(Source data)

= = = =

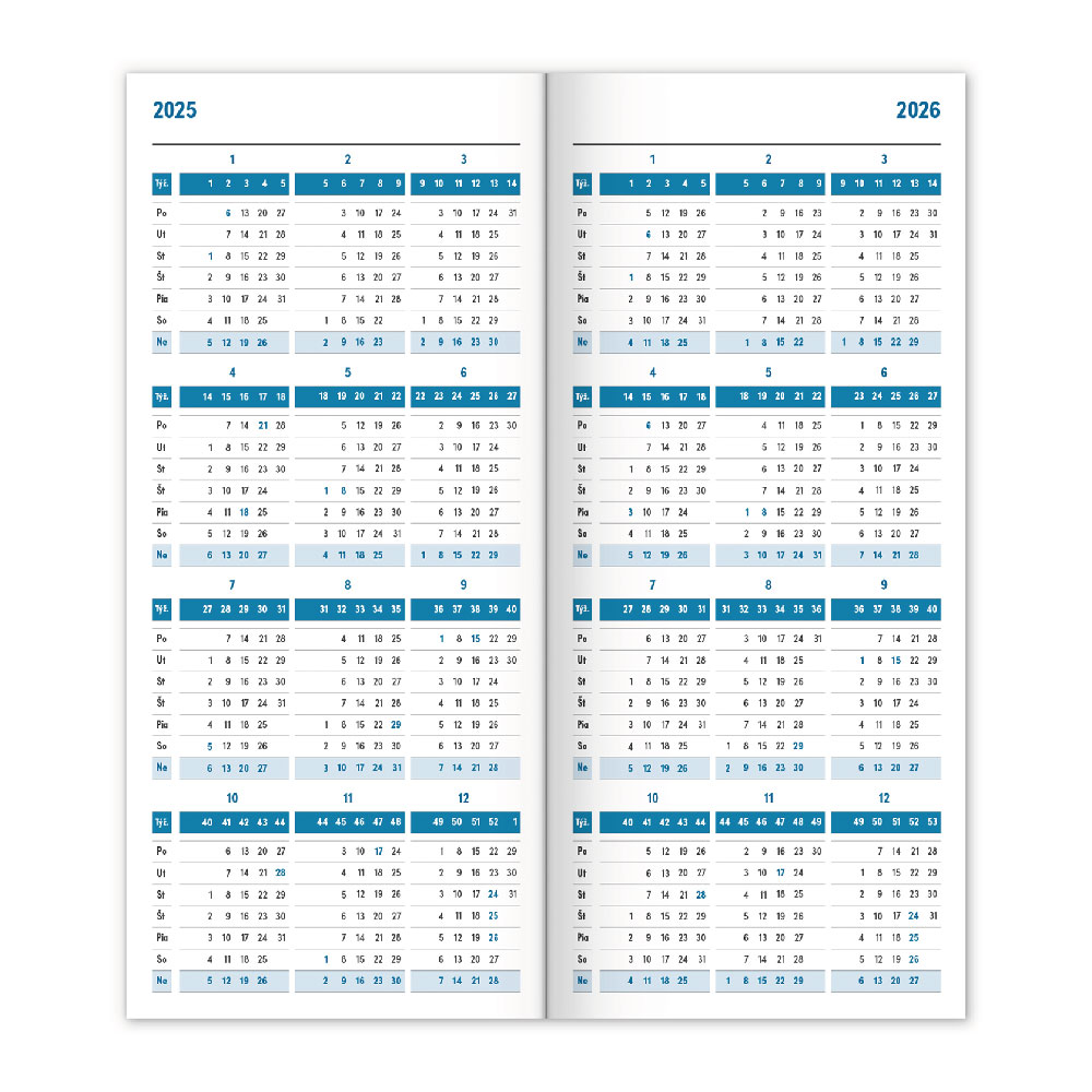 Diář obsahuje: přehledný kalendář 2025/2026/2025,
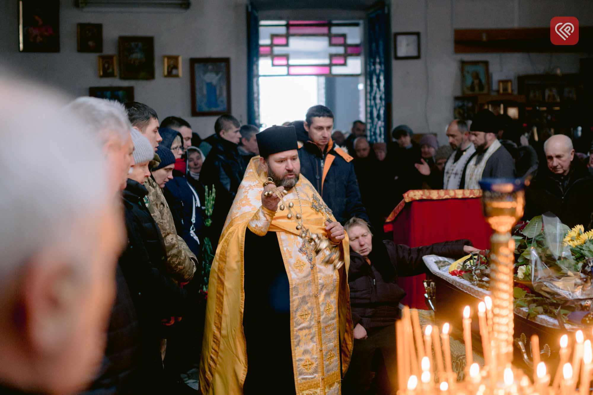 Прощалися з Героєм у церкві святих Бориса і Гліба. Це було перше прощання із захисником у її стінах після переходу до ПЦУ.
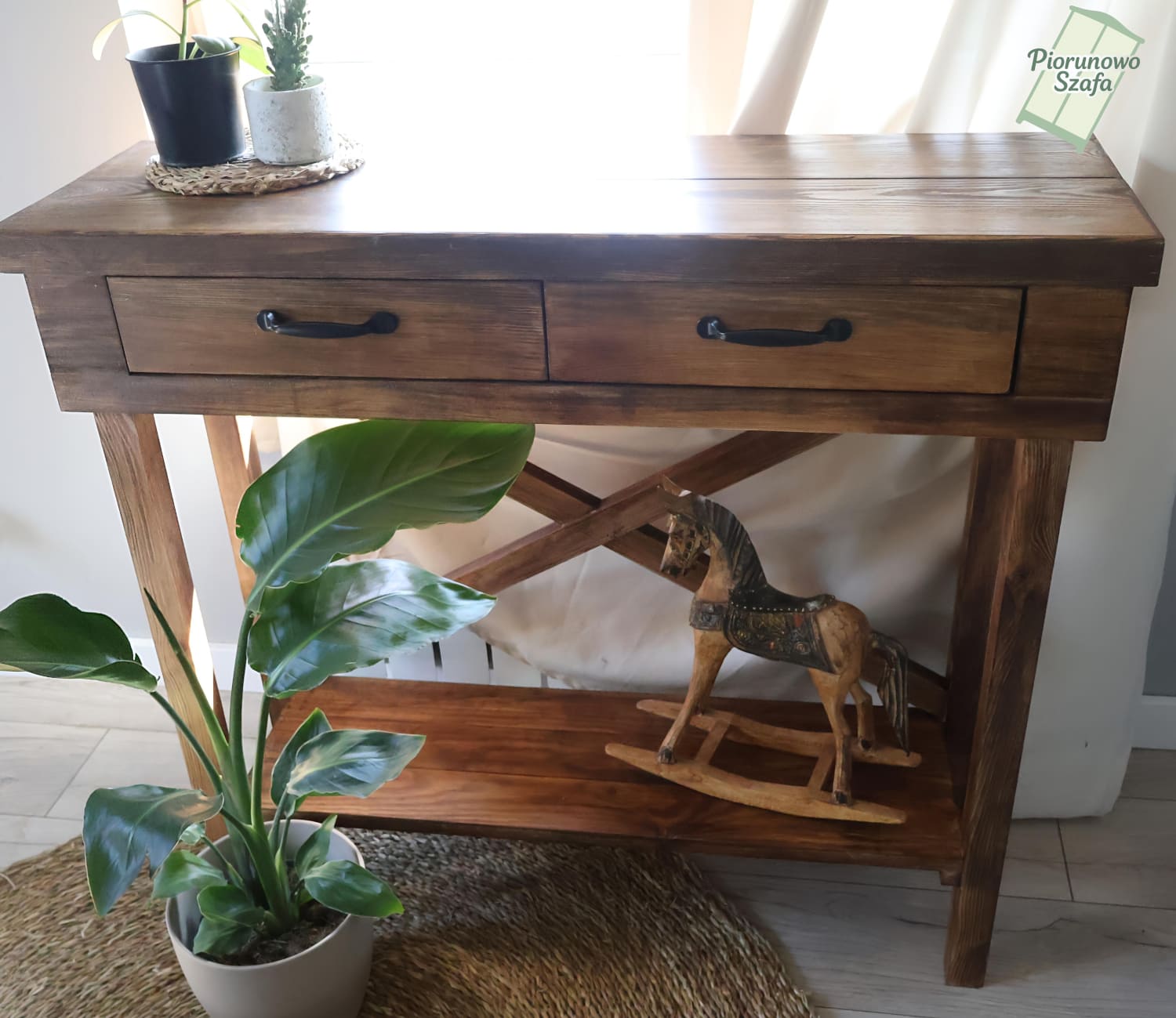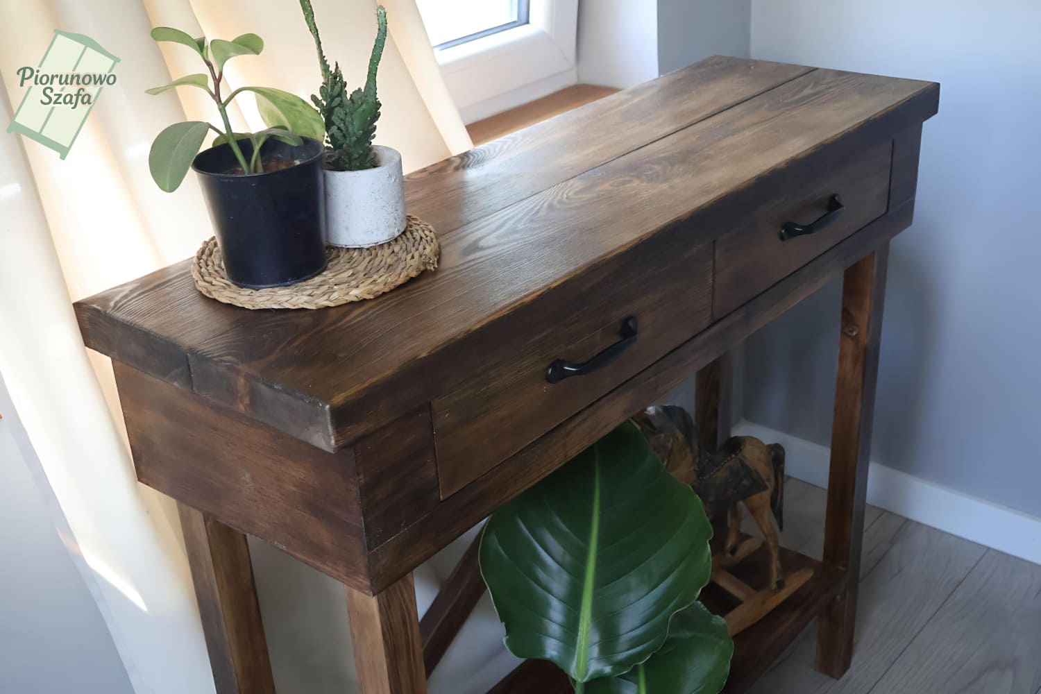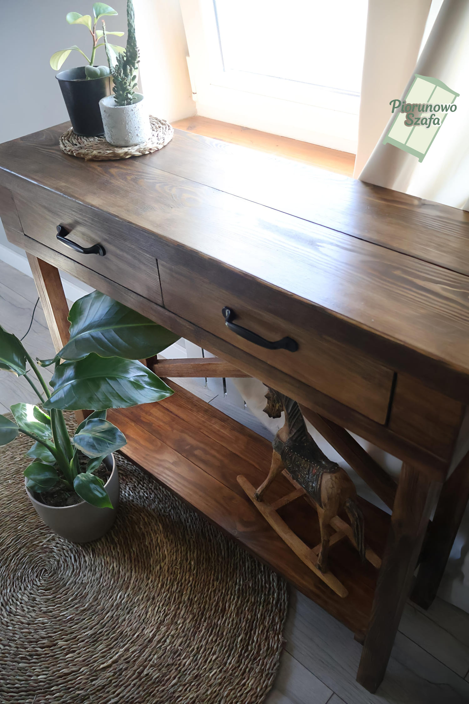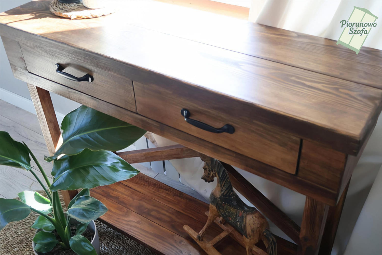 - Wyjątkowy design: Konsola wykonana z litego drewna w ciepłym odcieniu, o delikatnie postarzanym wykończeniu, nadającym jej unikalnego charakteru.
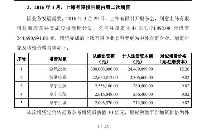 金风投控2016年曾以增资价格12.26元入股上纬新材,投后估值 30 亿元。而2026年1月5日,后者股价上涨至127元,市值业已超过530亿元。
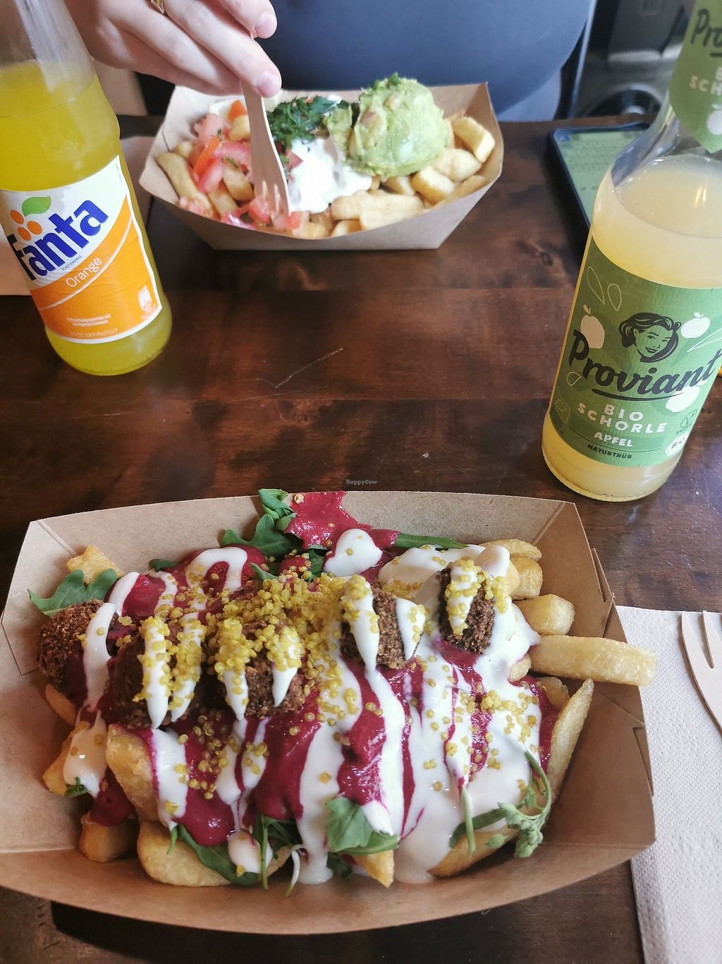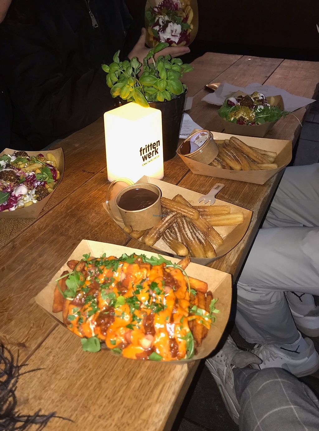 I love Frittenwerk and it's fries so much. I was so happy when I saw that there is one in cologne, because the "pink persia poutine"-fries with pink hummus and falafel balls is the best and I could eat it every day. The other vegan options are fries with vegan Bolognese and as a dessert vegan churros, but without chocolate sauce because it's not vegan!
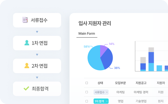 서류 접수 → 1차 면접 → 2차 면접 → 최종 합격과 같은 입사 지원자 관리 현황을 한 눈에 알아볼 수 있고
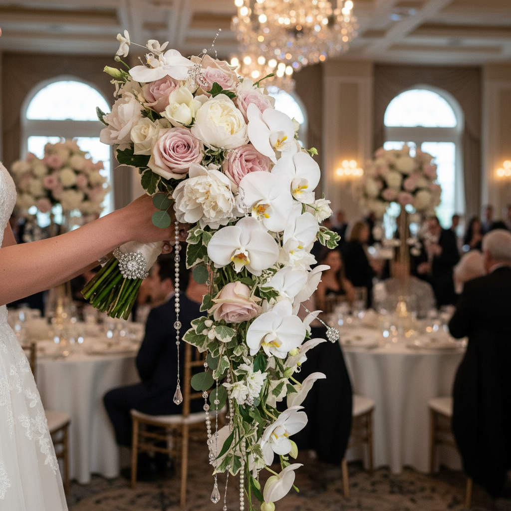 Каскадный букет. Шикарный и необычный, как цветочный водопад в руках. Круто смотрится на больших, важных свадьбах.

= = = =

▸ Description of the task:
Each of the records above needs to be transcribed exactly, apart from its pictures.

▸ Answer box:
 Diář obsahuje: přehledný kalendář 2025/2026/2025,
 Прощалися з Героєм у церкві святих Бориса і Гліба. Це було перше прощання із захисником у її стінах після переходу до ПЦУ.
 - Wyjątkowy design: Konsola wykonana z litego drewna w ciepłym odcieniu, o delikatnie postarzanym wykończeniu, nadającym jej unikalnego charakteru.
 金风投控2016年曾以增资价格12.26元入股上纬新材,投后估值 30 亿元。而2026年1月5日,后者股价上涨至127元,市值业已超过530亿元。
 I love Frittenwerk and it's fries so much. I was so happy when I saw that there is one in cologne, because the "pink persia poutine"-fries with pink hummus and falafel balls is the best and I could eat it every day. The other vegan options are fries with vegan Bolognese and as a dessert vegan churros, but without chocolate sauce because it's not vegan!
 서류 접수 → 1차 면접 → 2차 면접 → 최종 합격과 같은 입사 지원자 관리 현황을 한 눈에 알아볼 수 있고
 Каскадный букет. Шикарный и необычный, как цветочный водопад в руках. Круто смотрится на больших, важных свадьбах.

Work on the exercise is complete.